EnerNed is a regional transmission organization in the United States. It is part of the Eastern Interconnection grid operating an electric transmission system in various states.

The company noticed that sometimes it is hard for them to assume what the future demand for power will be. They would like to have a predictive model that would help them in being ready for the increase in demand as well as regulating the transmission in the system once the demand is lower. They would like to also understand how the trends are shaped over time.

The hourly power consumption data comes from EnerNed's website and are in megawatts (MW). Follow the steps below to create a time series model. Please fill the code in the cells where indicated. Don’t worry about the time. If you don’t manage to finish all the exercises, you can always do it at home and compare your answers with the solutions provided in our repository.

Good luck!


# Dependencies

In [None]:
# run just once and then comment it out
%cd ..
%conda env create -f environment.yml

In [None]:
%conda activate pyladies

In [1]:
import pandas as pd
from pycaret.regression import *
from sklearn.model_selection import TimeSeriesSplit
import xgboost as xgb
import matplotlib.pyplot as plt


# Read Raw Data

Our first step is loading the data. Then we are going to do some initial operations like changing the datatypes, sorting it and setting the index.

In [4]:
raw_data = pd.read_csv("PJMW_hourly.csv").copy()

In [None]:
# Show top 10 rows of th dataset
raw_data.

Code below saves names of the date and target columns. It will facilitate the next steps.

In [6]:
date_col = "Datetime"
target = "PJMW_MW"

Transform columns to appropriate data types. 
Use the following [link](https://www.geeksforgeeks.org/change-data-type-for-one-or-more-columns-in-pandas-dataframe/) in case you are stuck.

In [None]:
# Make the date column datetime type 
raw_data[date_col] =

# Make the target column "float32"
raw_data[target] = 

Sort Dataframe and set index. Use the following [link](https://www.geeksforgeeks.org/how-to-sort-pandas-dataframe/) & [link](https://www.geeksforgeeks.org/python-pandas-dataframe-set_index/) in case you are stuck.

In [None]:
# Sort values by the date column
raw_data = raw_data.

# Set the date columns as an index
raw_data = raw_data.

# Feature Engineering

__ALWAYS THINK OF THE PROBLEM BEFORE CREATING FEATURES!__

In this case, we need to predict hourly consumption of energy for 1 year ahead. Therefore, we will not be able to create features such as lag_1_day, lag_2_months and so forth. Instead, we must create features such as lag_1_year, lag_14_months and so forth. Always think of data availability. You cannot create lag/rolling features in the future, except for those that go back at least for the same time frame as the forecasting horizon, in this case 1 year.

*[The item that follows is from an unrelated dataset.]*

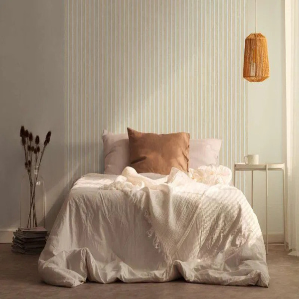 L’aspect général dégage une atmosphère de confort scandinave (hygge) et de modernité organique. Ce revêtement est idéal pour apporter de la texture et de la chaleur à un intérieur sans l’encombrer visuellement. Sa structure linéaire très marquée est un excellent atout pour allonger les murs et donner une impression de hauteur sous plafond tout en instaurant une ambiance feutrée. C’est un choix parfait pour un mur de salon derrière une télévision, une entrée ou une tête de lit, offrant un rendu à la fois architectural et accueillant. Il s’harmonise idéalement avec une décoration minimaliste, des plantes vertes et des matériaux bruts pour un style résolument contemporain.

Something that can be done is to incorporate other features such as GDP, PCI and so forth, but when we are forecasting out of sample, therefore when we are forecasting the future, we will need the __forecasts for those features__, because obviously we will not have them at the origin time when creating the future forecast.

Note that it is stil possible to use lag and rolling windows features that have a shorter time frame than the forecasting horizon, but this will mean that we will train a model with say 10 features, but at the origin we will make forecasts using only 5 features, excluding lags and rolling windows. This can have several implications:

- __Out-of-Sample Performance__: The model's performance on the test data (and potentially on out-of-sample data within the testing period) might be reasonably accurate due to the availability of lag and rolling window features during evaluation. However, this performance doesn't guarantee how well the model will generalize to future periods when those features cannot be created.
- __Potential Performance Drop-off__: The model's performance may degrade when forecasting into the future without the lag and rolling window features. This is because the model has learned to rely on those specific features to make predictions, and without them, it might struggle to capture certain patterns or trends.
- __Reduced Feature Space__: In the real-world scenario, if you cannot create lag and rolling window features, you'll be limited to using only the features available at that time (e.g., the 5 features you mentioned). This means the model might not have access to all the information it was trained on, which can limit its forecasting accuracy.

In [None]:
# Create a copy of the original dataframe
fe_data = 

Create a simple features function and then apply it on our dataset. Use the following [link](https://www.geeksforgeeks.org/python-datetime-datetime-class/) & [link](https://www.geeksforgeeks.org/isocalendar-function-of-datetime-date-class-in-python/) in case you are stuck.

In [None]:
def extract_dt(df):
    """
    Extracts several datetime objects from a datetime index.
    """
    df['hour'] = df.index.hour                           
    df['dayofweek'] = df.index.dayofweek
    df['quarter'] = df.index.quarter
    df['month'] = df.index.month           # Month
    df['year'] = df.index.          # Year 
    df['dayofyear'] = df.index.dayofyear   # Day of the year
    df['dayofmonth'] = df.       # Day of the month
    df['weekofyear'] =  # Week of the year based on the isocalendaryear

    return df

In [None]:
# Run the function to create the dataset (input df = fe_data)

fe_data = 

Plot the data.

In [None]:
plt.figure(figsize=(10, 6))  # Adjust the figure size as needed
plt.plot(fe_data['PJMW_MW'])
plt.xlabel('Index')
plt.ylabel('PJMW_MW')
plt.title('Plot of PJMW_MW')
plt.grid(True)
plt.show()

We could already train and test a model with only these features, as they can be available in the future, because they simply extract datetime information from dates. Instead we are going to add lags as well.

In [8]:
def add_lags(df, target, lags_dict):
    """
    Creates a mapping between index and target that is used to create lags based on
    a dictionary of lag keys and values.
    """
    target_map = df[target].to_dict()
    for lag, lag_days in lags_dict.items():
        df[f'lag_{lag}_year'] = (df.index - pd.Timedelta(lag_days)).map(target_map)
    
    return df

In [10]:
lags_dict = {
    1: "364 days",
    2: "728 days",
    3: "1092 days"
}

fe_data = add_lags(fe_data, target, lags_dict)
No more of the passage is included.